Exercise —
Write down exactly the lines from the one below that has "松戸線と千葉線の直通列車が2" to the end of the data, both ends included; the pictures should not appear in your copy.

------------------------------------------------------------

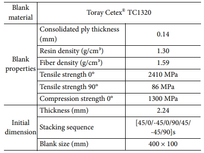 최근, 컴퓨터 성능과 유한 요소법(FEM)의 발전으로 열가소성 복합재 고속 열 성형 공정 시뮬레이션이 가능해졌으며, 이를 통해 금형 제작 등 관련 초기 비용과 시간을 절감할 수 있게 되었다[43]. Jeon 등[44]은 요소수 탱크 외장품(Urea tank cover)를 대상으로 유한요소해석 기반 공정분석을 통해 개발공정을 수행하였다. 최종 설계된 형상과 공정을 스프링 백 해석을 통해 뒤틀림 변형을 확인하였다. Hannappel 등[45]은 CF/PEEK와 GF/PPS의 성형성을 조사하였다. 성형 시뮬레이션을 통해 주름 및 내부 층간 전단 패턴을 확인하였다. Vanclooster 등[46]은 FEM 시뮬레이션을 통해 반구형 몰드에서 성형된 GF/PPS 복합재의 섬유 방향 결정을 예측하고 draping 시뮬레이션을 갖는 데 있어 유리함을 확인하였다. Luke Mosse 등[47]은 섬유 금속 라미네이트(FML)성형의 유한요소 시뮬레이션을 통해 얻은 전단 응력 값과 lap shear 장치를 사용하여 얻은 전단 응력 특성 값이 유사함을 확인하였다. 기존에 수행되었던 연구들은 다양한 성형 해석 방법을 통해 시뮬레이션의 신뢰성을 향상시켰다. 하지만 고속 열 성형 공정을 통한 일 방향(Uni-direction) 섬유 구조물 제작에 관한 연구는 미흡한 상황이다.
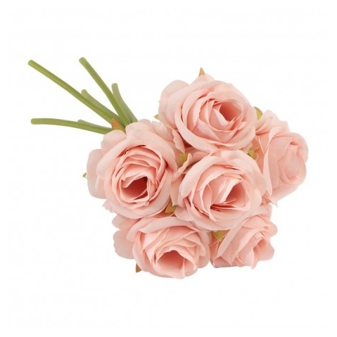 Et veldækket bord får et blidt udtryk med denne buket af naturtro, lyserøde roser. Uden behov for vand eller pleje står de skarpt fra gæsterne ankommer, til festen slutter. De seks roser er bundet i en samlet buket, som gør dem lette at placere præcis, hvor du ønsker dem.
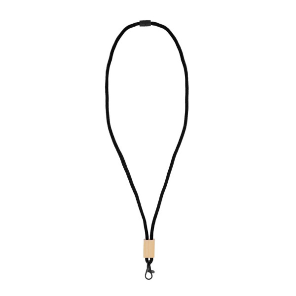 Kordel-Lanyard aus R-PET Paracord mit Kunststoff-Sicherheitsverbindung und schwarzem Karabiner und Panikverschluss. Das Schlüsselband ist mit einem Bambusschieber verstellbar, der viel Platz für das Branding bietet.
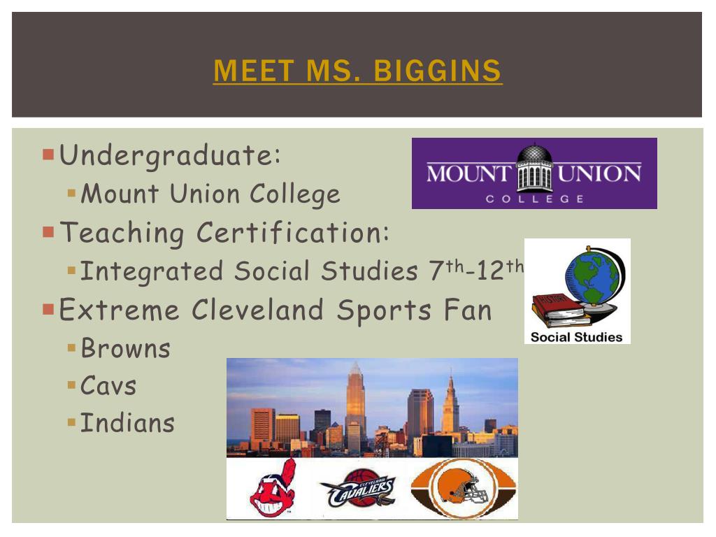 Meet Ms. Biggins • Undergraduate: • Mount Union College • Teaching Certification: • Integrated Social Studies 7th-12th • Extreme Cleveland Sports Fan • Browns • Cavs • Indians
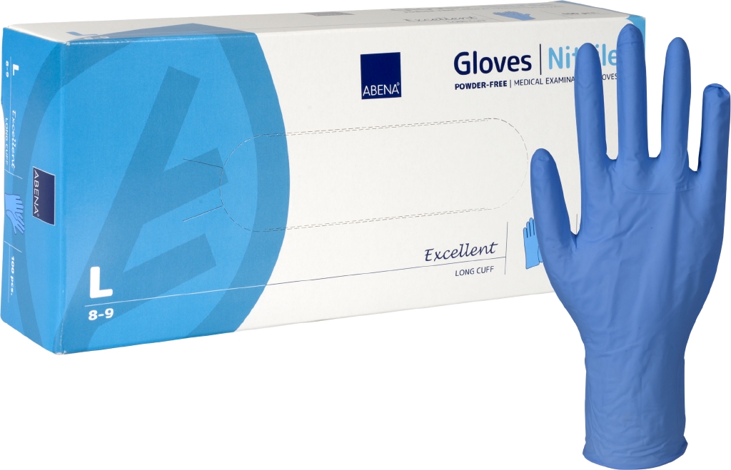 Abena nitrila cimdi L izmērs, pagarināti (30 cm), 100 gab., bez pūdera, zili
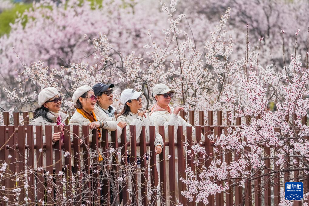 游客在林芝市巴宜區(qū)盛開的桃花中拍照留念。新華社記者 丁增尼達(dá) 攝
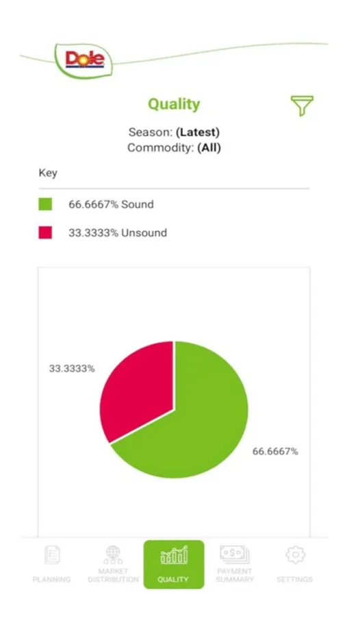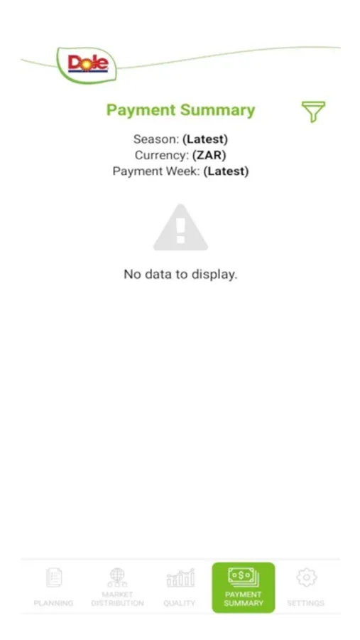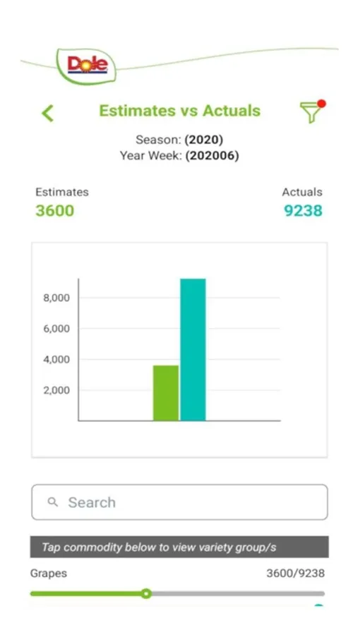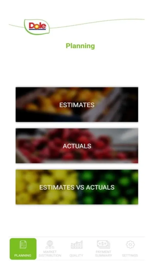 Dole South Africa mobile app ensures our growers are up to date with their latest information. This information is categorised into four sections: Estimates vs Actuals – Payments - Quality Information - Market Distribution. Information updates are done every night with the exception of Payment Information, which updates every Friday at 12pm.
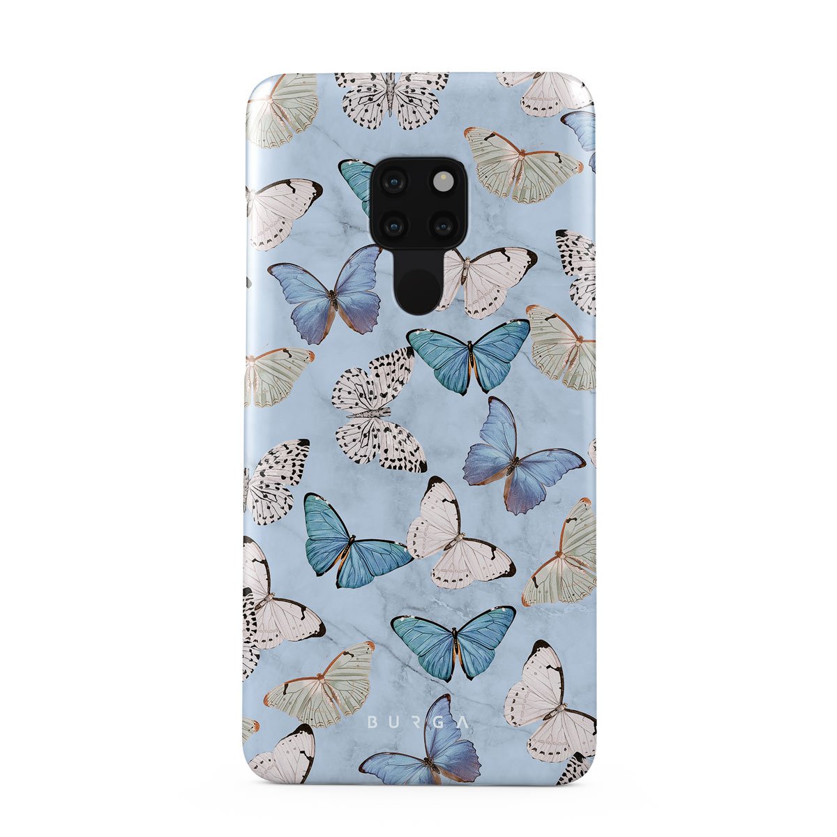 Pastel blue and a playful pattern of summery butterflies create a dreamy combination in our Huawei Mate 20 phone case. Carry the feeling of the butterflies in your stomach while protecting your phone from any dangers, as the hard-shell case will keep it sound and safe.
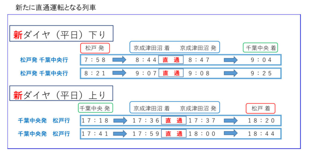 松戸線と千葉線の直通列車が2006年の直通開始以来初めて増えます!!やったね!!!!
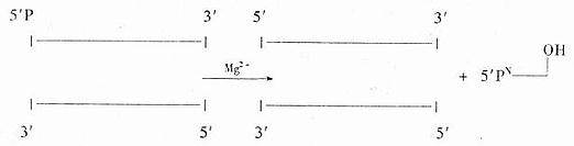 大肠杆菌核酸外切酶Ⅶ则是从单链DNA的3’端和5’端切除寡核苷酸(两种形式):
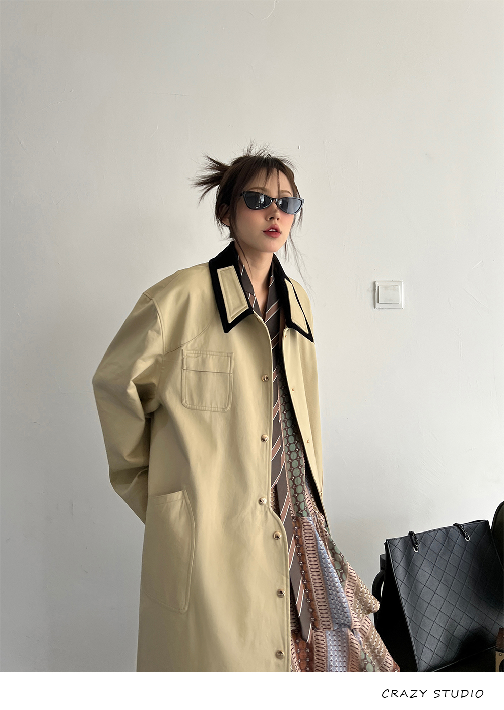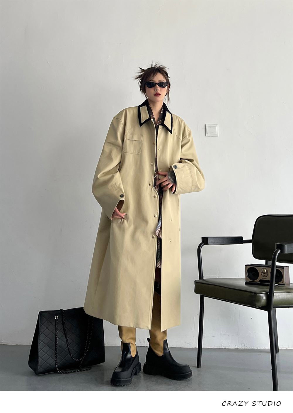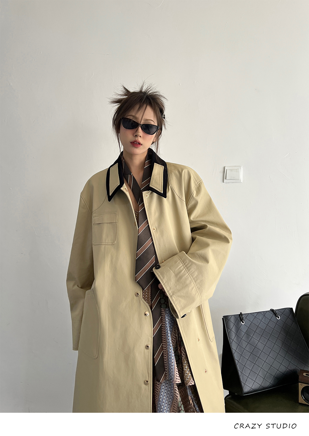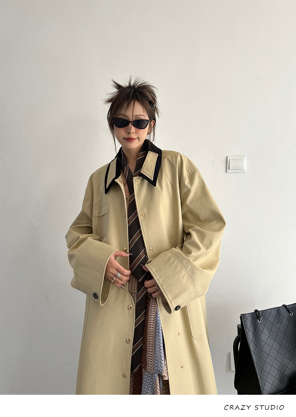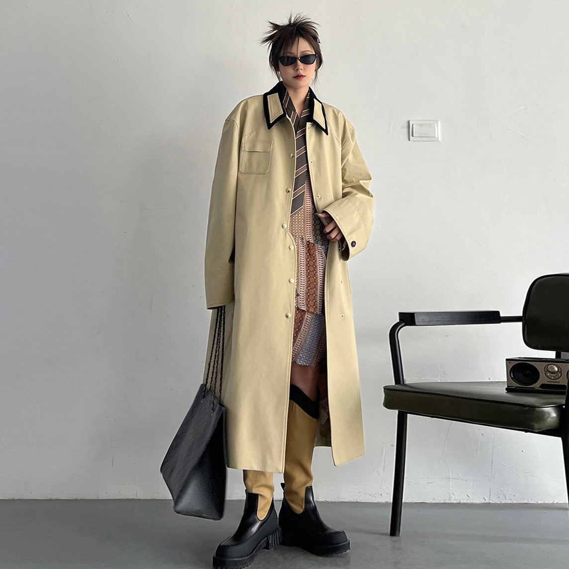 【アウター】春秋新作 INS風 ミドル丈 デザイン感 不規則 カーキ トレンチコート レディース【FCシリーズ】
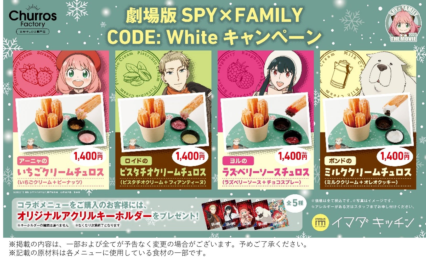 IMADA KITCHEN店舗も劇場版 SPY×FAMILY CODE: Whiteの世界観に合わせSPY×FAMILY一色に装飾いたします。映画の世界に浸りながら、こだわりのチュロスをお楽しみください。
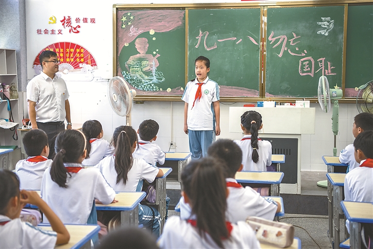 9月18日,安徽省蕪湖市繁昌區繁陽鎮城關一小舉辦“銘記歷史 勿忘國恥”主題班會。 圖片來源:視覺中國
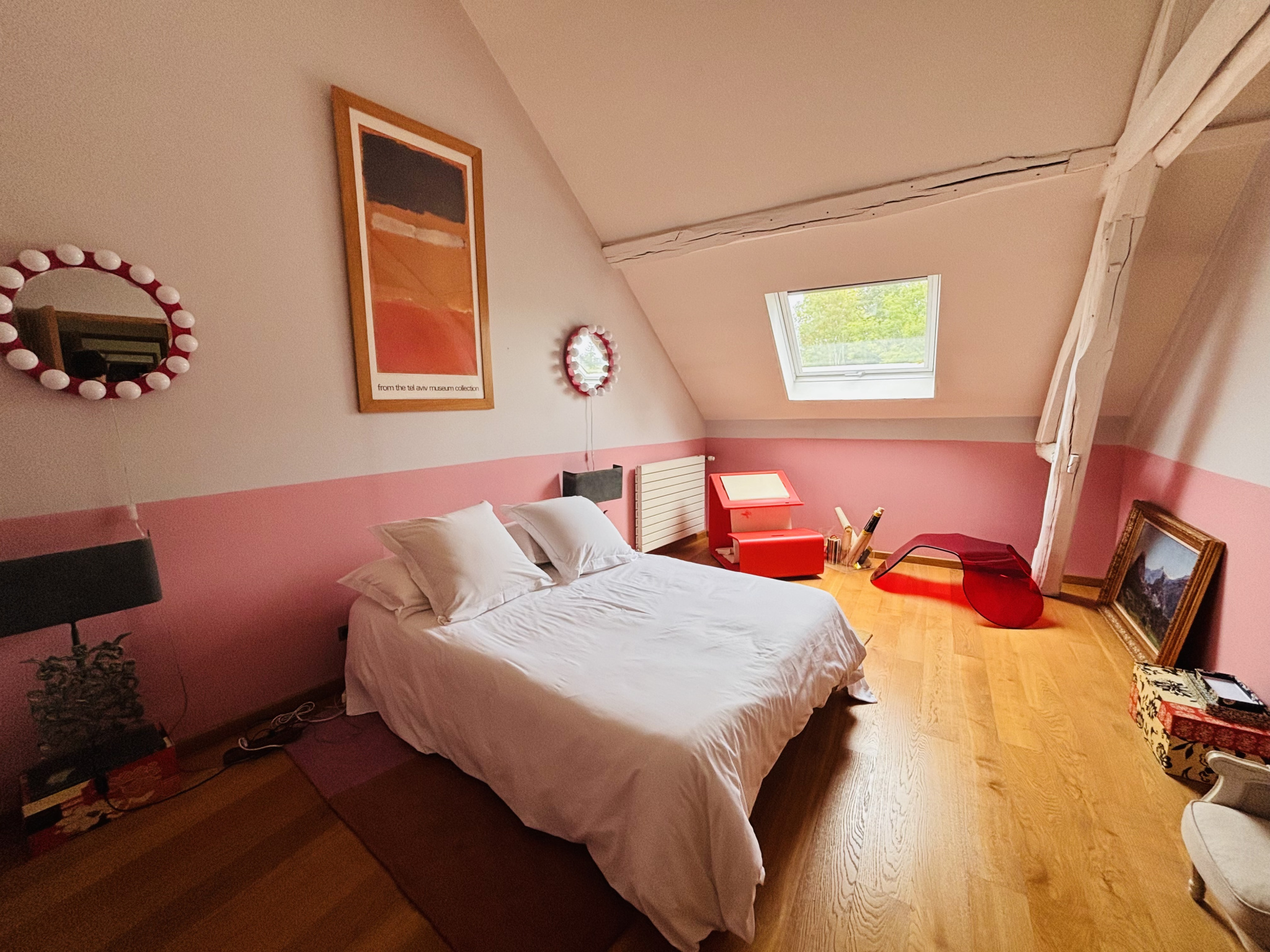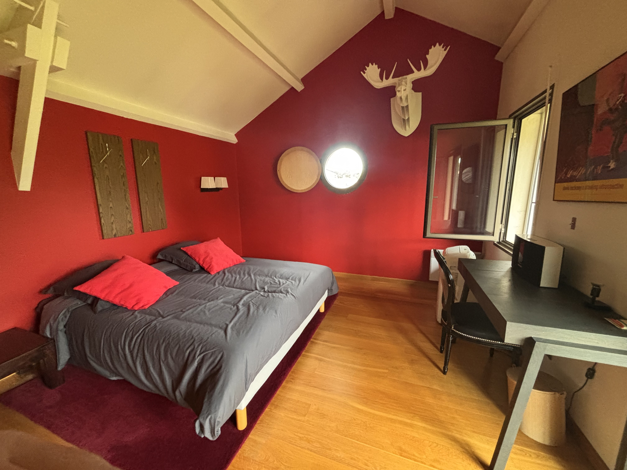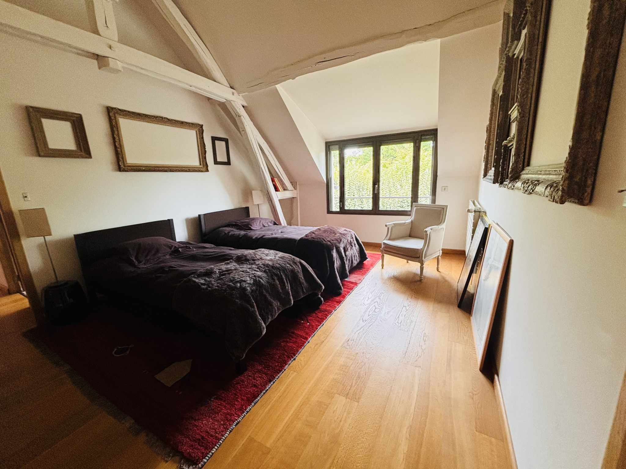 À l’étage, un bel escalier mène à un palier desservant une grande pièce de 28 m² utilisée comme home cinéma, deux chambres, une seconde salle d’eau avec douche et des WC séparés.

------------------------------------------------------------

Solution to the exercise —
 松戸線と千葉線の直通列車が2006年の直通開始以来初めて増えます!!やったね!!!!
 大肠杆菌核酸外切酶Ⅶ则是从单链DNA的3’端和5’端切除寡核苷酸(两种形式):
 【アウター】春秋新作 INS風 ミドル丈 デザイン感 不規則 カーキ トレンチコート レディース【FCシリーズ】
 IMADA KITCHEN店舗も劇場版 SPY×FAMILY CODE: Whiteの世界観に合わせSPY×FAMILY一色に装飾いたします。映画の世界に浸りながら、こだわりのチュロスをお楽しみください。
 9月18日,安徽省蕪湖市繁昌區繁陽鎮城關一小舉辦“銘記歷史 勿忘國恥”主題班會。 圖片來源:視覺中國
 À l’étage, un bel escalier mène à un palier desservant une grande pièce de 28 m² utilisée comme home cinéma, deux chambres, une seconde salle d’eau avec douche et des WC séparés.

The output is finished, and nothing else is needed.